Three new deaths “linked to Chikungunya” were recorded in Reunion, French Island of the Indian Ocean, bearing the number of deaths since the start of the epidemic, Hebdodary Bulletin announced on Wednesday.
“Since the beginning of the year, nine deaths that occurred between weeks 11 and 14 (from March 10 to April 6, editor’s note) in people over the age of 70 carrying comorbidities have been classified as linked to chikungunya,” said the health agency, adding that “nine other deaths”, including a neonatal, are being investigated to determine if they are linked to the virus.
The epidemic is “stabilized at a high level of transmission”, adds Public Health France, according to which more than 39,000 confirmed cases in Chikungunya have been reported in Reunion since the start of the year.

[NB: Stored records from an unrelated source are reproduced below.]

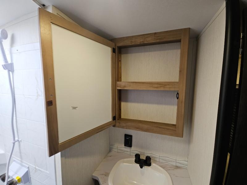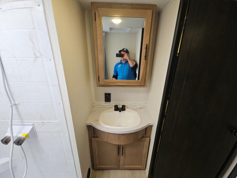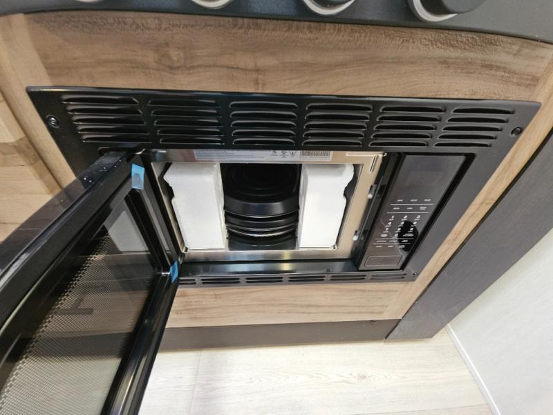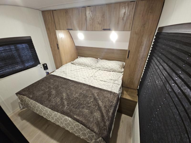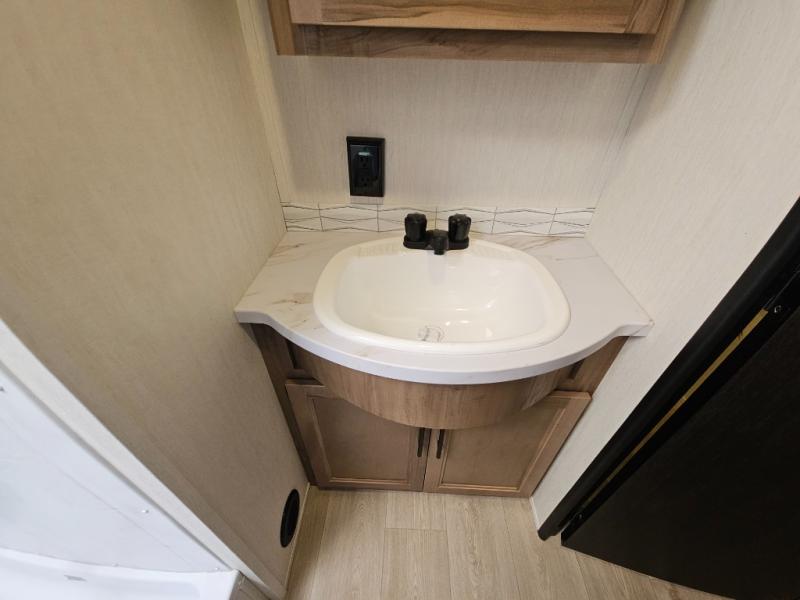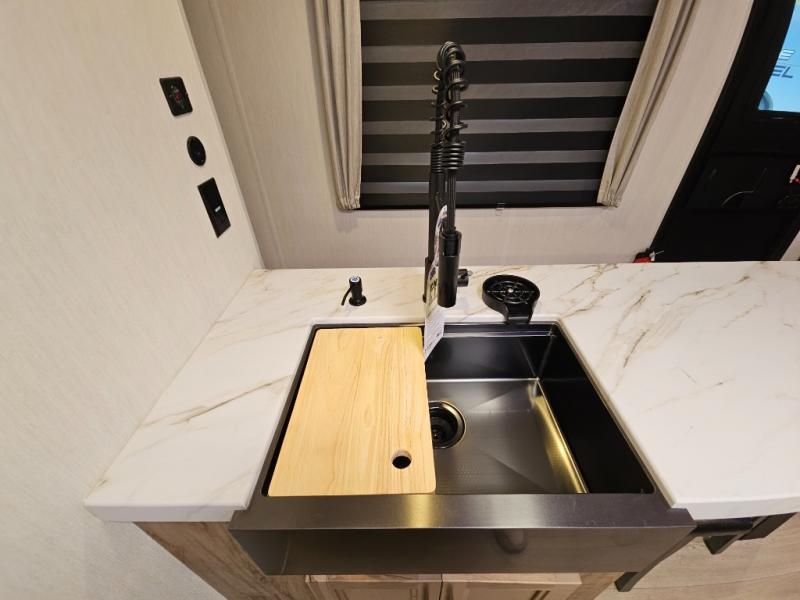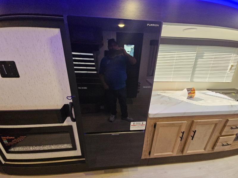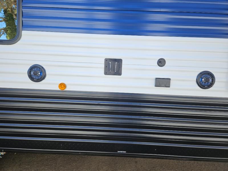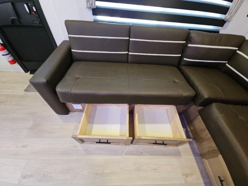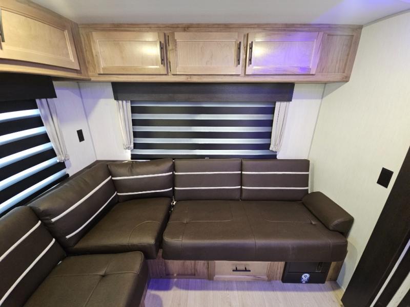 This travel trailer will feel just like home with its RV king bed in the front bedroom plus the full bath with a tub/shower, and there is a spacious living area thanks to the large slide out. Here, you'll find the air fryer and counter space, 12V refrigerator, and the fireplace with a hidden pantry behind it. Your crew can relax on the L-shaped sofa, or visit with the chef while they prep meals at the island peninsula. There are even two bar stools here for added convenience. Head outdoors to enjoy the power awning with LED lights in the evening!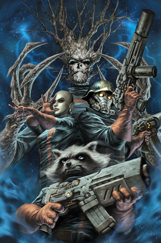 In 2008, Dan Abnett and Andy Lanning followed the success of two major cosmic events with a new series featuring several characters from the events. Following an invasion from the Negative Zone (an anti-matter universe) and a failed conquest of the Kree by Ultron, Peter Quill, aka Star-Lord, bands a group together to proactively stop galactic threats. This group consists of: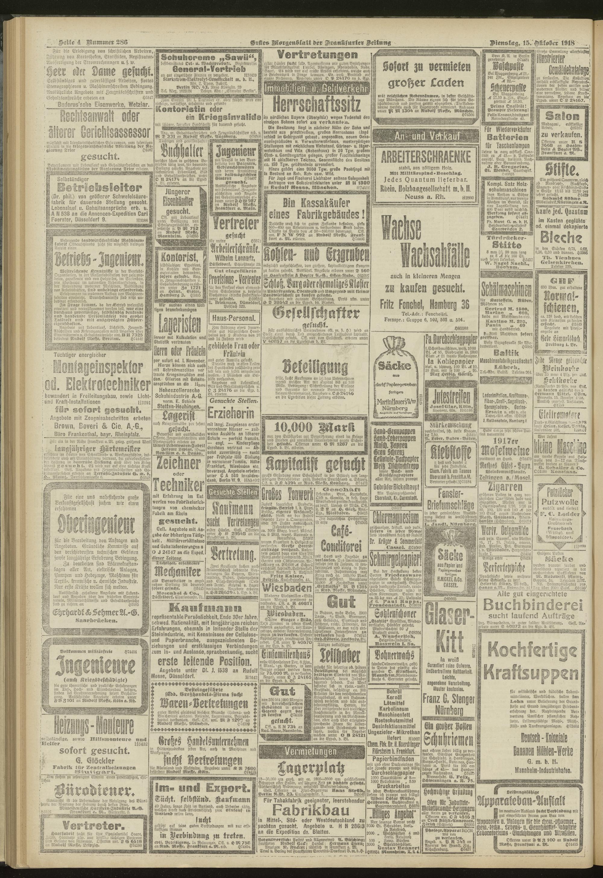 15.10.1918 = Nr. 286. Erstes Morgenblatt

From April 7 to 13, the last week for which the data is known, 350 emergencies were recorded against 289 the previous week, an increase of 21%.
Vaccination campaign
The number of confirmed cases recorded over the same period is down, from 6237 to 4304, but Public Health France specifies that this number is not consolidated and that it could therefore prove to be higher.
In total, “47 serious cases of chikungunya were reported mainly in the elderly or infants requiring intensive care management,” said the health agency. These were 27 adults over the age of 65, three people with comorbidities and 17 infants under three months of age.
There is no specific treatment against the disease, but a vaccination campaign was launched in early April. Some 40,000 doses of the IXCHIQ vaccine, the first having obtained a marketing authorization in Europe, arrived in Reunion and 60,000 additional doses were purchased.
But the campaign “timidly starts”, with around 3000 people already vaccinated, said on Tuesday the director general of the Regional Health Agency (ARS), Gérard COOLLON, to French President Emmanuel Macron traveling on the island.
According to the Minister of Health Yannick Neuder, also on site, “around 120,000” people may have been contaminated by chikungunya, a disease transmitted by the Tiger mosquito.
Before the current outbreak, no case of Chikungunya had been reported since 2010 in Reunion since 2010. A large epidemic had touched 260,000 people there and left more than 200 dead between 2005 and 2006.